Avoiding paying more than you need to in interest rates and keeping loan repayments as low as possible is the secret to staying on top of your personal finances, according to This is Money. With that in mind, it may be time to start looking for a new loan or mortgage.
Find a New Mortgage
Currently, 4 million home-owners are paying a standard variable rate (SVR); this is what mortgages revert to when a fixed-term deal ends. If you are paying a SVR, chances are you could benefit from a new mortgage. SVRs often have high interest rates and little security, as banks can change the rates whenever they wish. Predictability is important when managing personal finances and, with low interest rates and banks willing to lend, finding a deal that suits your situation is not as difficult as you may expect.
Do The Sums
If you are looking for a new mortgage it can be tempting to simply look for the mortgage with the lowest rates, but depending on the size of your mortgage this might not be the best course of action. Try to look beyond interest rates and take into account the arrangement fee, especially if you are opting for a two or three-year mortgage deal.

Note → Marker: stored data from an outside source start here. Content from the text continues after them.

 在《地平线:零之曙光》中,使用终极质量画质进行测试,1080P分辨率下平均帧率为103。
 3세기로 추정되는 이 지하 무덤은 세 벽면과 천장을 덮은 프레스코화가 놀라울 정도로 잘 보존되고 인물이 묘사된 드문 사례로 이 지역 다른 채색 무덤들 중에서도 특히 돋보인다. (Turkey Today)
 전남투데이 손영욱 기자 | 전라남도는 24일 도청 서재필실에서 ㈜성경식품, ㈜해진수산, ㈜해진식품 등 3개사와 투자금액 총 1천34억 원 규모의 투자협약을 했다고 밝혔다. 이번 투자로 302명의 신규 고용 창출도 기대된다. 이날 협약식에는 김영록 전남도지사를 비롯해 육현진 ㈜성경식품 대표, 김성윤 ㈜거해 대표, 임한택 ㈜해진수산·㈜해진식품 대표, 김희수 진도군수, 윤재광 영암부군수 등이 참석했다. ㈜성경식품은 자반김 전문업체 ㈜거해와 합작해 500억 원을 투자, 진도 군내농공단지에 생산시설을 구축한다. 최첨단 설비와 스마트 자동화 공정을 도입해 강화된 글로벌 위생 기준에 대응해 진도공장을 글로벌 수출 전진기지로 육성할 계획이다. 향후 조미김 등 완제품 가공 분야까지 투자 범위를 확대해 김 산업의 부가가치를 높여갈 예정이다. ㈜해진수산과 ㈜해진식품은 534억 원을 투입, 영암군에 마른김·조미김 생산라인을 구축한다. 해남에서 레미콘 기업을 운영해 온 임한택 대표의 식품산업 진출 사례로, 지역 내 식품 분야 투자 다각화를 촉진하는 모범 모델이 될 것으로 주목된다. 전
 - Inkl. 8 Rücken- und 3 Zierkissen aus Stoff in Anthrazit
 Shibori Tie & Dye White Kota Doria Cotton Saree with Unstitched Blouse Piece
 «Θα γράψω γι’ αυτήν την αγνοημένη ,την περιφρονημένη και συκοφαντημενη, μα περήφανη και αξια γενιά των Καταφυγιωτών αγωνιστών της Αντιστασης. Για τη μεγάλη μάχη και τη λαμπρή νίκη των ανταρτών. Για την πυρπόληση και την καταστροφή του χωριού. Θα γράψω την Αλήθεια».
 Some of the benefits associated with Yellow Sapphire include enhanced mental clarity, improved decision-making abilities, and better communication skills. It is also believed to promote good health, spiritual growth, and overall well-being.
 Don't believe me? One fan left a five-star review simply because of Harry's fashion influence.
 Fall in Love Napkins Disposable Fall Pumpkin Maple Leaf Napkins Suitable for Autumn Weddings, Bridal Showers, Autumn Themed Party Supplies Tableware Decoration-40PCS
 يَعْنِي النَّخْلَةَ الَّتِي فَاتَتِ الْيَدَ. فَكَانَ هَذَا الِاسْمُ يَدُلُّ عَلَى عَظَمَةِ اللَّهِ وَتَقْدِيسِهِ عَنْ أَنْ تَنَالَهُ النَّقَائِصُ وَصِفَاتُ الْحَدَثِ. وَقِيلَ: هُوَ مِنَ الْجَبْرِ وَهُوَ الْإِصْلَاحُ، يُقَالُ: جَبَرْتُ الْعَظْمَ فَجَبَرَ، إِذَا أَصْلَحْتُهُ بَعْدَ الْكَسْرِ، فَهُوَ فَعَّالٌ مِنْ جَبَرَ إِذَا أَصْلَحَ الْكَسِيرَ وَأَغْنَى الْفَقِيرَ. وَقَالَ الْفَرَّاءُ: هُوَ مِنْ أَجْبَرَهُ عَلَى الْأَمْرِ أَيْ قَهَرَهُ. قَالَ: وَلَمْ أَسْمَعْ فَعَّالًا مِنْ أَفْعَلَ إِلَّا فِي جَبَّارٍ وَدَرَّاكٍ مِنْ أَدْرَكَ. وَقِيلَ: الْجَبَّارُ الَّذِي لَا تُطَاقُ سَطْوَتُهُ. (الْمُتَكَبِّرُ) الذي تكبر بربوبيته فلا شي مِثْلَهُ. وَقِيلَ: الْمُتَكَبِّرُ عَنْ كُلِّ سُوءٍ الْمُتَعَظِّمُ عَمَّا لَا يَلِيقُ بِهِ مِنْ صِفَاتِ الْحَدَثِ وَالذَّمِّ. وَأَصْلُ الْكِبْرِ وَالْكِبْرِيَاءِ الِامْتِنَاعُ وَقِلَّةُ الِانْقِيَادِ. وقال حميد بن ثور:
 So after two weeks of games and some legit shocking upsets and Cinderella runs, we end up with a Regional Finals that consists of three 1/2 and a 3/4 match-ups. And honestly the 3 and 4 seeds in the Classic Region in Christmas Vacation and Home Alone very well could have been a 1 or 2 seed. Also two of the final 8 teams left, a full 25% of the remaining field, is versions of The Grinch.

An arrangement fee can cost you hundreds of pounds and makes little sense to be paying this every two or three years. A general rule is that the size of your mortgage decides what kind of deal you should opt for. If your mortgage is £120,000 or less you should look for a deal with higher rates and a lower arrangement fee. If your mortgage is £250,000 or higher you should look for a deal that gives you the best possible interest rates for a slightly higher arrangement fee.